A heavy particle is suspended by a 1.5 m long string. It is given a horizontal velocity of √57 m/s. (a) Find the angle made by the string with the upward vertical, when it becomes slack. (b) Find the speed of the particle at this instant. (c) Find the maximum height reached by the particle over the point of suspension. Take g =10 m/s².

Answer 1

Given in the question :-

u = √57 m/s
l = 1.5 m.

Now for the condition
(a) Point where string slacked.

mv²/l = mg.cosθ
v² =lg.cosθ

Now change in Kinetic energy = work done , so Total energy at final point. 
=Kinetic energy + Potential Energy 
1/2 mv² + mgl(1+cosθ) 
1/2 mgl cosθ + mgl(1+cosθ) = 57m/2    {K.E= 57m/2 J}

Therefore the initial energy is equal to final energy 
lg.cosθ + 2gl(1+cosθ) = 57
3gl.cosθ= 57 - 2gl 
30 × 1.5.cosθ  = 57 - 2 × 10 × 1.5  = 27
45.cosθ= 27 
cosθ = 27/45 
cosθ= 3/5 
cosθ= 0.60 
θ = 53°

Now for the second condition :-
(a)
v² = lg cosθ
v = √lg cosθ
v = √ ( 1.5 × 10 × 0.60)
v = √9
v = 3 .

Now for the third condition :-

(c) at the time string act like slack,the particle start motion in a projectile.

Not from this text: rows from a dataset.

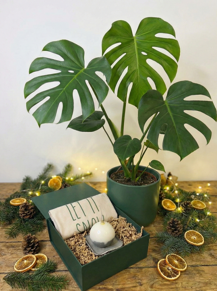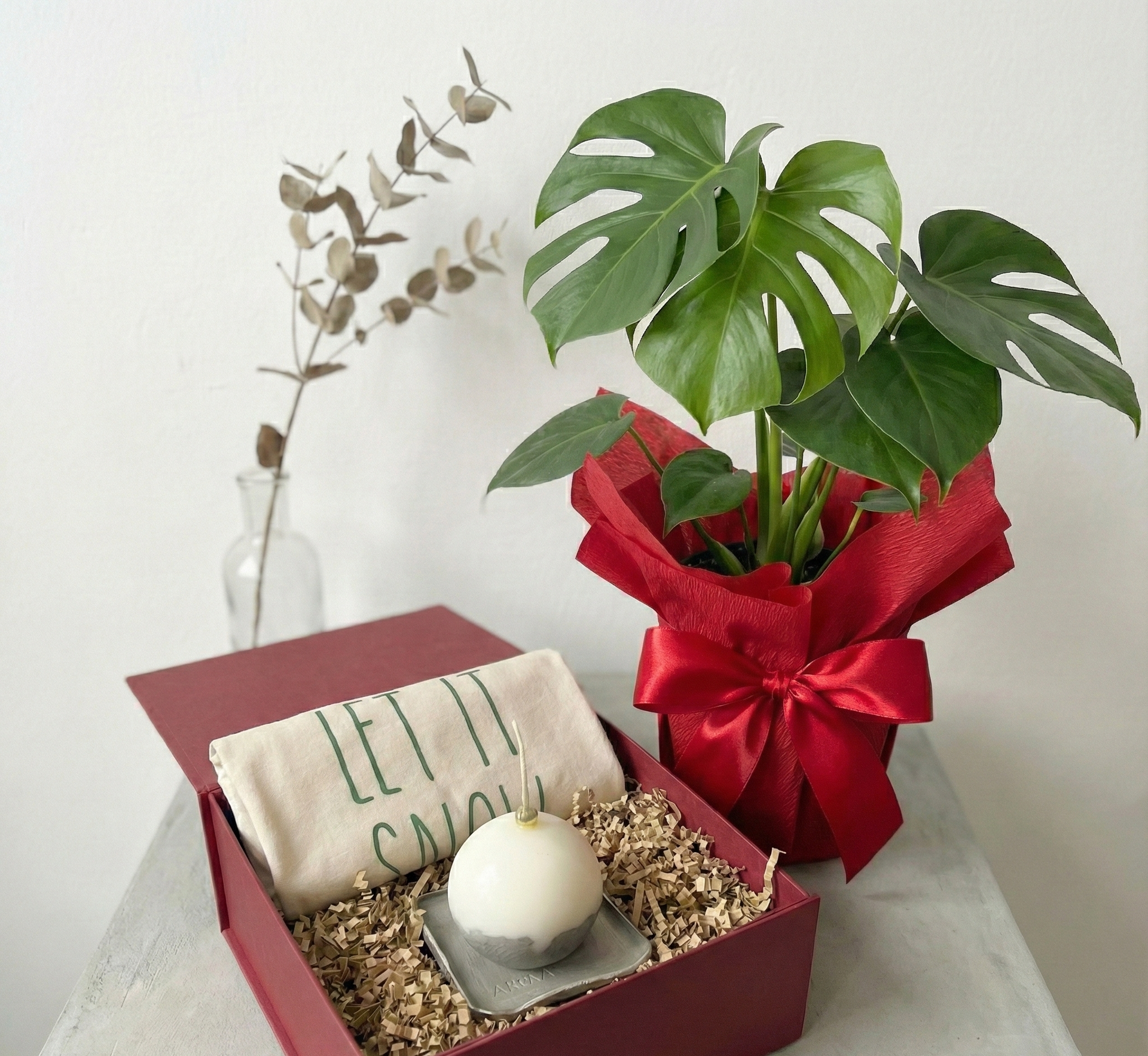 Un cadou statement pentru cine iubește designul curat și plantele cu personalitate. Monstera Deliciosa aduce instant vibe-ul „green home”, iar lumânarea artizanală și tricoul complet vin într-o cutie premium gata de oferit.
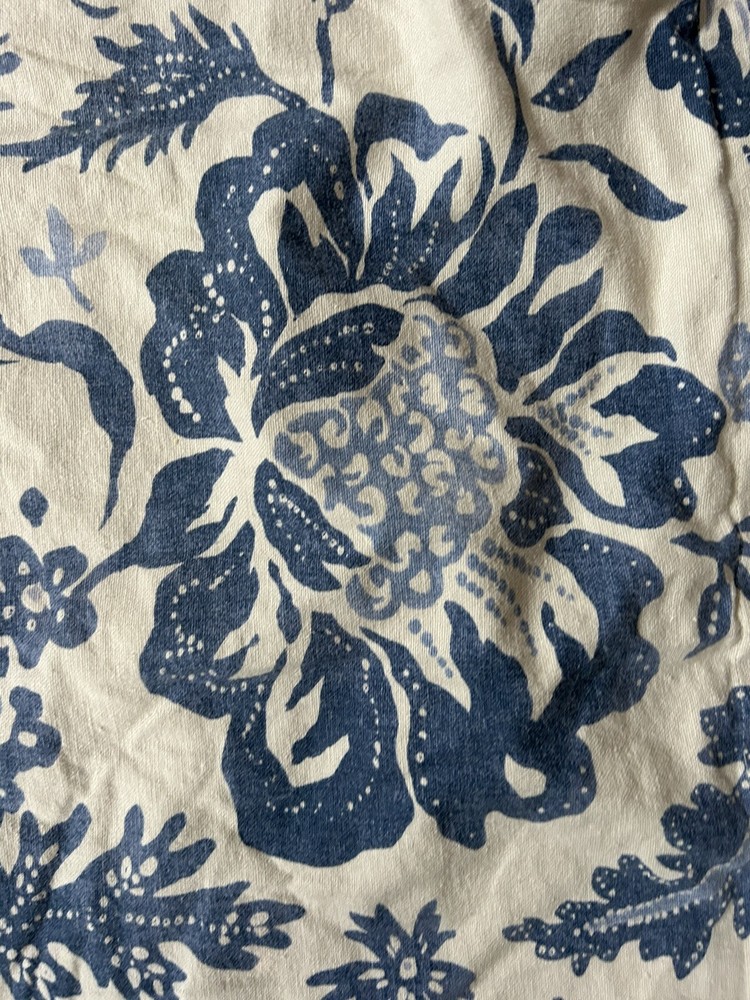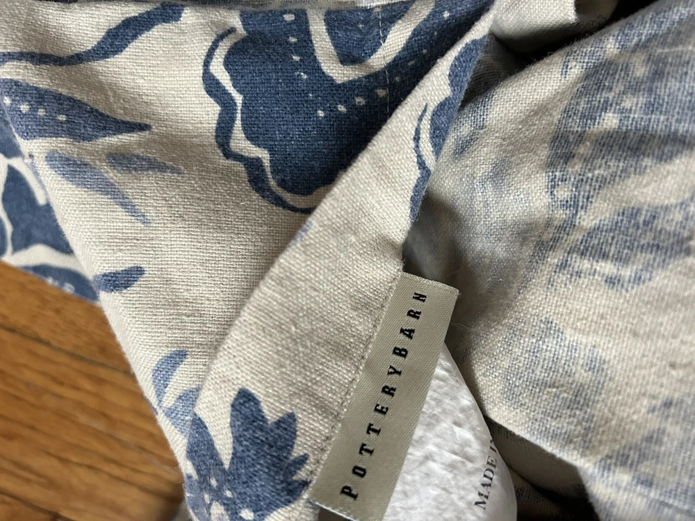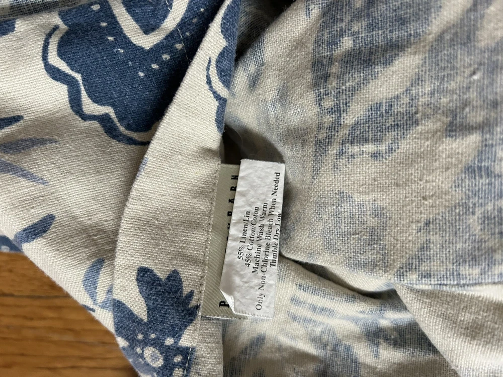 Add a touch of elegance to your bedroom with this beautiful Pottery Barn Palampore Blue Cream Linen Blend Euro Sham. The pillow sham features a square shape with an envelope closure type, making it easy to use and machine washable. The blue color and intricate Palampore design add a classic charm to your bedding. The pillow sham is made of high-quality linen blend material and measures 30” by 32”.
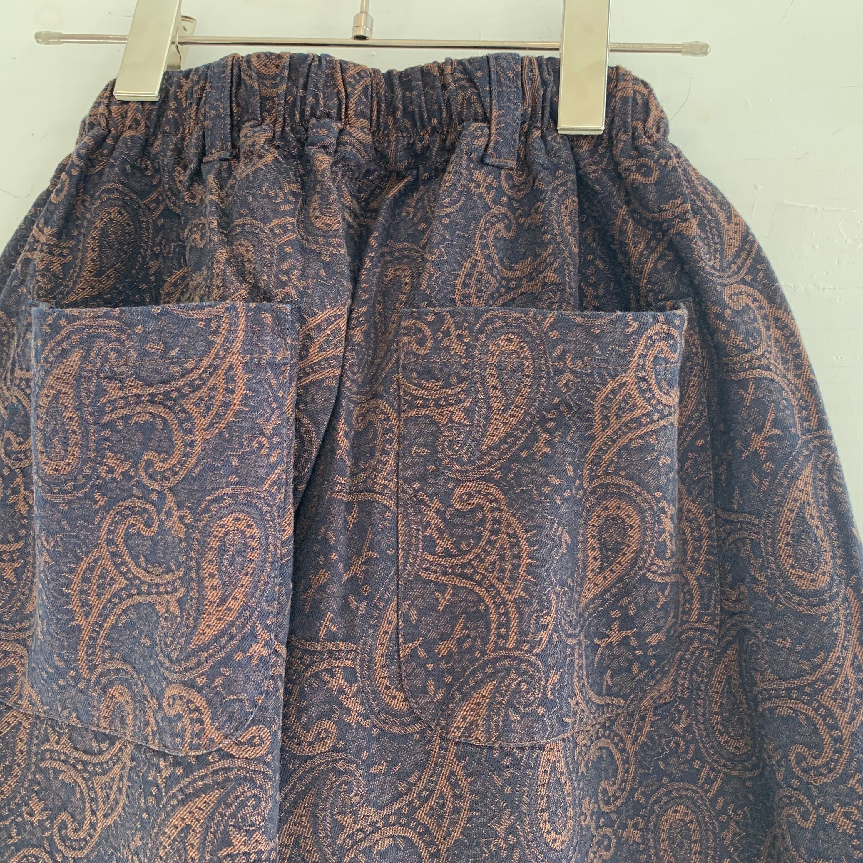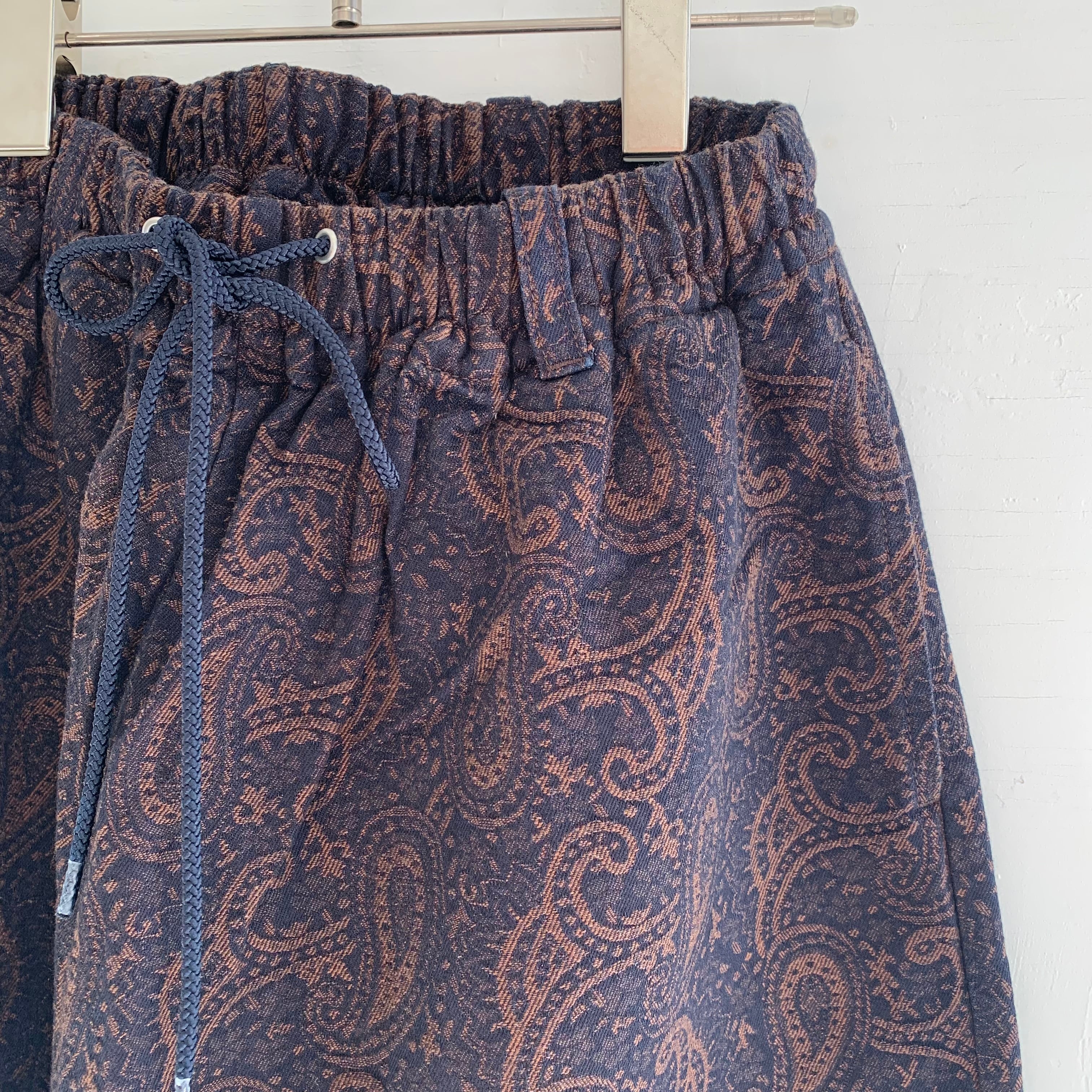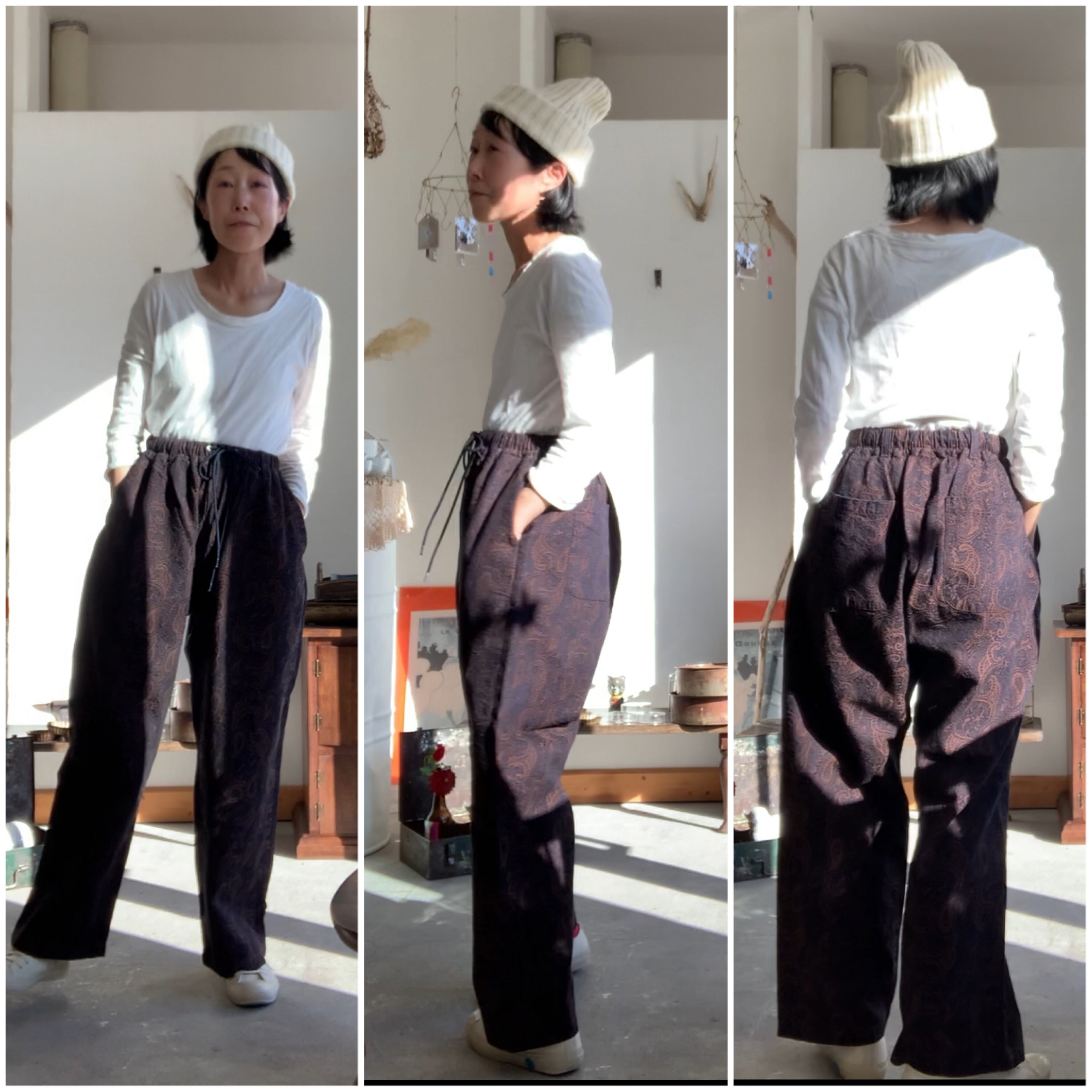 ゆったりとしてテーパーとシルエットが特徴で、ウエストはゴムと組で調整が可能です。

Assume that the max . height on the point of suspension.= x
For the projectile , max height of projection is d = (vsinθ)²/ 2g

Now for suspension,
x = l cos θ +d
x = 1.5 × 0.60 + (vsinθ )²/2g
x = 0.9 + ( 0.8 × 3)² /20
x = 0.9 + 0.28
x = 1.18
x = 1.2

Hence the suspension is 1.2 .



Hope it Helps. :-)